Podcast: Meet our Researchers

Sarah Gilbert

Vaccine Development

Professor Sarah Gilbert has been making and testing vaccines designed to induce T cell responses for ten years, chiefly using antigens from malaria and influenza. Based at the Jenner Institute, several of the vaccines developed in Professor Gilbert’s laboratory have progressed into Clinical Trials.
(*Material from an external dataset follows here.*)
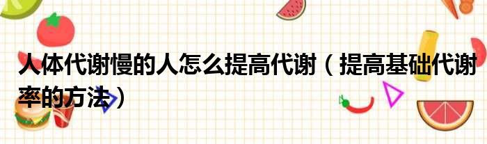 人体代谢慢的人怎么提高代谢(提高基础代谢率的方法)
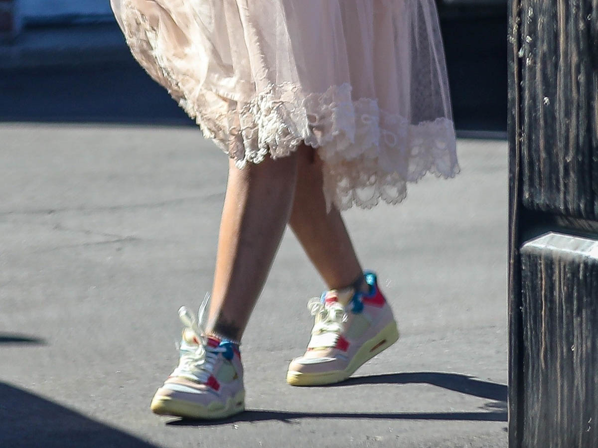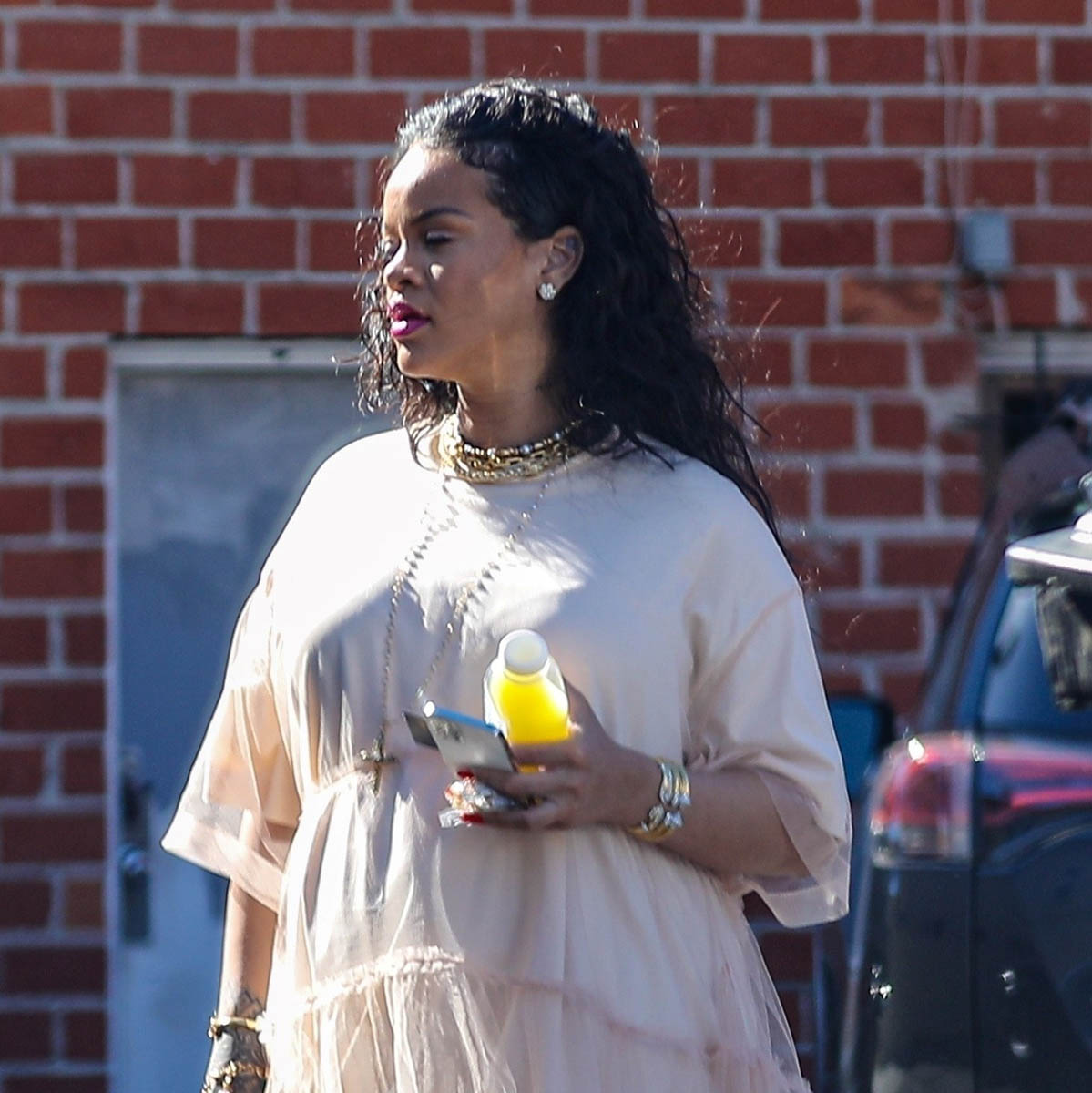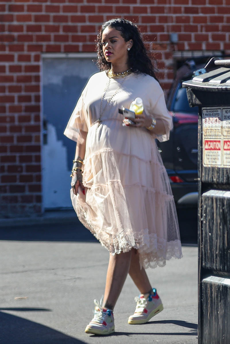 And now we have another outfit to enjoy, perhaps the most “regular person” pregnant outfit Rihanna has worn through her pregnancy: a loose dress with sneakers! OK maybe it’s not that “regular” because that dress looks expensive (it is!) and it’s not like she just threw on something baggy and walked out the door. The accessories are still accounted for and the makeup is on point, so like all the other looks we’ve seen from RiRi, this is a proper look, too.

Viral vectored vaccine development

New vaccine strategy

Viral vectored vaccines combine a safe virus with a pathogen protein to protect against a specific disease. They are very good at inducing T cell responses, which is crucial for protection against viral infections and diseases such as malaria. Viral vectored vaccines have the potential to drastically improve public health.

Translational Medicine

From Bench to Bedside

Ultimately, medical research must translate into improved treatments for patients. At the Nuffield Department of Medicine, our researchers collaborate to develop better health care, improved quality of life, and enhanced preventative measures for all patients. Our findings in the laboratory are translated into changes in clinical practice, from bench to bedside.

Sarah Gilbert: Viral Vectored Vaccines

Q: What is a viral vectored vaccine?

SG: Most people will be familiar with live attenuated viral vaccines where we use a weakened form of a virus that would normally cause the disease, to make a vaccine against that disease.  For example measles, mumps and rubella vaccines are an example of mixing together three live-attenuated vaccines to make vaccines against those three diseases.  What we’re doing now is taking different viruses and making them really safe to use in people but then adding in parts of pathogens so we can make new vaccines against those other pathogens.  For example we could take a virus that would normally cause a cold and we could add in parts of the malaria parasite to make a vaccine against malaria.  Or we could take a safe version of the vaccine that we use against small pox and add in parts of the flu virus to make a new flu vaccine.

Q: Why should we use these vaccines?

SG: What these viral vectored vaccines are really good at doing is inducing T cell responses in the person that we vaccinate.  So a lot of the vaccines that we use are protein and adjuvant vaccines and they’re very good at inducing antibodies against the protein that’s used in the vaccine and that’s helpful against protecting against some diseases.   But for other diseases we need to engage the other major part of the immune system and that’s the T cell response.  Viral vectored vaccines are really good at doing that and we need that for some particular diseases such as malaria and some viral diseases.  They’re also useful for vaccinating against cancer.  Viral vectored vaccines can also induce antibodies so we can get both an antibody and a T cell response at the same time.

Q: How far has this research progressed?

SG: Within the Jenner Institute over the last few years we’ve done about 50 different clinical trials of viral vectored vaccines for different diseases mainly in malaria but also against tuberculosis, HIV, influenza, hepatitis C so we’ve come a long way in understanding how to use these viral vectored vaccines in people.

Q:  What are the most important lines of research that have developed in the past 5 or 10 years?

SG: Going back to about the last 50 years, we were using vaccines that were really effective but often had some nasty side effects; for example the small-pox vaccine gave people a very unpleasant scar and could have some very serious side effects in some cases.  So there was a big emphasis on improving vaccine safety.  Unfortunately when we developed safer vaccines we ended up with some vaccines that were less effective than we could have had before.   In the last 5 or 10 years we have been concentrating on making vaccines that are extremely safe but also have a high-level of efficacy and we are able to do that with these viral vectored vaccines.  The compromise seems to be that we probably have to give more than one injection but the pay-off is that we get a very safe and very effective vaccine and we can use the technology to make vaccines against lots of different diseases.  We’ve also become much better at understanding how T cells can protect us against disease and how to induce them by vaccination and how to measure if they’re doing their job. 

Q: Why does your line of research matter, why should we put money into it?

SG: We still need a lot more vaccines that we can use to vaccinate against diseases like malaria and HIV where we don’t have a vaccine at all.  For other diseases like tuberculosis and influenza we do have vaccines against but they’re not particularly effective, especially in older people and we need to do better.  If we can use viral vectored vaccines to make new vaccines that work in a different way we can really improve public health.

Q: How does your research fit into Translational Medicine within the department?

SG: Our research is very translational because a lot of it involves doing clinical trials of our new vaccines in volunteers.  We have a clinical bio-manufacturing facility that can make the batches of vaccines we need for clinical trials in carefully controlled conditions and we also have a pre-clinical viral vectored core-facility that makes us lots of small batches of vaccines throughout the early stages of our research.  We can also offer that service to other researchers that want to collaborate with us.  Information about that is on the Jenner Institute website.